In the next room, a boy, perhaps five years old, lay peacefully asleep, perhaps dreaming something fantastically innocent. His bed sheets were wrapped between his bandy legs and he clung to his pillow. His plump, tickled pink cheeks carried youthful dimples. The walls of his bedroom were decorated with hot air balloons painted green, and they drifted through the azure sky of his dream at night. His lampshade cast bears onto the walls, as though they were passengers to the balloons, floating through the air. The moonlight had painted his sheets in pearly shades of powder blue like the glaucous of grapes.

Such gigantic moons as this cause a stir in certain people. It is said to decrease the quality of sleep, leaving one in a state of half consciousness. It denies you of the kind of sleep that brings you away from here and now, the kind of sleep that confronts you with unvarnished realities. But this was not the case with this lady; her face, weathered by the relentless wind and hail of an adverse existence, suggested that this was a boulder she had been pushing for many a night.

A full moon is also said to bring out peculiar behaviour in people, particularly those who suffer from other voices. It is said that a full moon will exert the same control over a human as it does the oceans; it draws pressure onto the brain.

I am one of these individuals, and I truly believe that it is the full moon that draws me to madness; draws me to the wind of the midnight blue. Just as it draws the tides to land, I cannot control my mind during these lunar phases. It is problematic, of course. I spend thirty days tormented by memories that are not my own. I pace through the corridors of my house, frightened by the idea that these scenes that greet me malevolently in my sleep have been directed and curated by my own autonomous hands. I remember such trivial detail, but cannot decipher conclusions, only the vague notion that some awful atrocity has been committed.

But a serene tickling of calmness holds me on the thirtieth night, and I often find myself icing my heels on the tarmac through the cool night with a new and seemingly unfounded enthusiasm. I move through the landscape, haunting the vicinity like a malicious vapour. For each month of loathsome terror and guilt and remorse, I take one night to prowl and stoke the fire.

And it was the full moon of August 1978 that first coaxed me from my bedroom and into the Kerry night. I wandered for perhaps several hours, perhaps just a few, and I found myself resting at a gate, staring wide-eyed into a quaint, though unoriginal little cottage. Thin little streams of smoke that trickled from the chimney licked at the glistening stars above. I watched as it swooned, joining the faint clouds up there. I noted the door, painted with blood, and I thought of exodus and the first Passover.

I found myself at the door of this cottage, removing my shoes.

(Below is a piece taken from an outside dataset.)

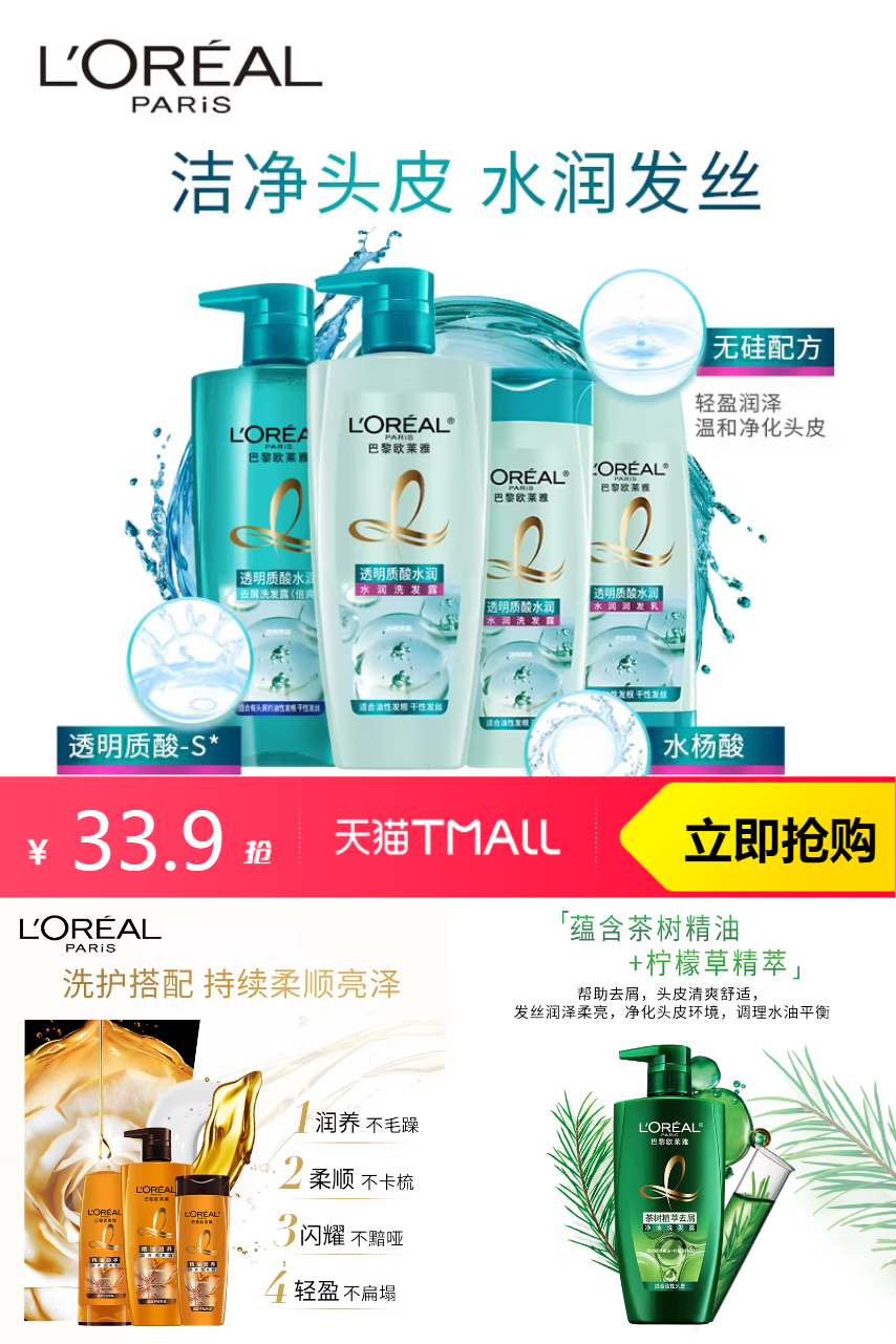 【叠加3.98元淘金币+4.69元红包+叠加88vip1.65元,到手23.58】欧莱雅茶树、质酸、精油润养洗发水500,72H*劲爽头皮,水润发丝。

I placed my hand to the door, and then rested my head to the door.

“For I will pass through the land of Egypt this night, and will smite all the firstborn in the land of Egypt, both man and beast; and against all the gods of Egypt I will execute judgment: I am the Lord.”


I found that the door was unlocked, as they so often are in remote Ireland. I found myself watching this woman sleep but not rest in her bed. I found myself watching her child. And then I found myself wandering the fields, once more, in the silver of night.